The antimicrobial stewardship team and HIV specialists determined that an enhanced system would be necessary to prevent ARV errors before they actually occur. In 2011, customized order-entry sets (COES) for ARV medications were developed and implemented in our institution to further prevent ARV-related errors prospectively in addition to CPOE and periodic educational in-service sessions (Figure 1). CPOE with COES prevents prescribers from ordering incomplete regimens, provides dosing guidance based on renal function and concomitant drug therapy, and flags contraindicated drug interactions prior to the commission of potential ARV errors in real time.

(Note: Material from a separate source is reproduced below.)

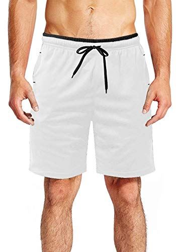 KEFITEVD ショートパンツ ランニング ハーフパンツ ジョギング 半ズボン ドライメッシュ メンズ ジムウェア 吸汗速乾 フィットネスパンツ 5分丈 トレーニングウェア ホワイト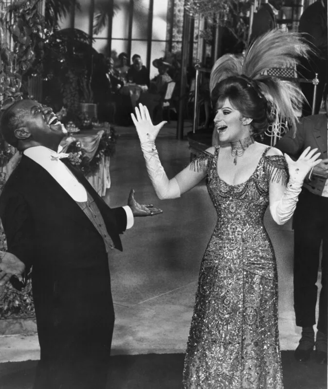 American jazz musician and actor Louis Armstrong (1900 - 1971) and American singer and actor Barbra Streisand singing together in a still from director Gene Kelly's film 'Hello, Dolly!.' Armstrong is wearing white tie and tails, and Streisand is wearing a sequined gown and a feathered headdress. (Photo by Hulton Archive/Getty Images)

The objective of this study was to evaluate the effect of CPOE with COES on error rates of initial ARV orders for inpatients with HIV infection prior to reconciliation of orders by HIV clinical specialists and pharmacists.
Figure 1.
Examples of Customized Order-Entry Sets
Customized order-entry sets within the computerized prescriber order-entry system offer guidance on drug interactions and dosage for specific settings—in these examples, when prescribing atazanavir (A) and on dose adjustment for renal insufficiency for prescribing coformulated emtricitabine and tenofovir (B).
METHODS
Study Population and Setting
Our institution is a 1,400-bed academic health care system in the Bronx, New York, with more than 90,000 inpatient admissions annually, of which more than 1,700 are for HIV-infected individuals. In a Bronx population of nearly 1.4 million people, more than 23,000 are living with HIV.27 The system is one of the few regional hospitals with a dedicated team consisting of a medical director, a nurse practitioner, and social workers who monitor the care of any patient admitted with the diagnosis of HIV. Our institution does not maintain a dedicated HIV patient-care unit; rather, patients are cared for throughout the hospital on units appropriate to their medical or surgical needs.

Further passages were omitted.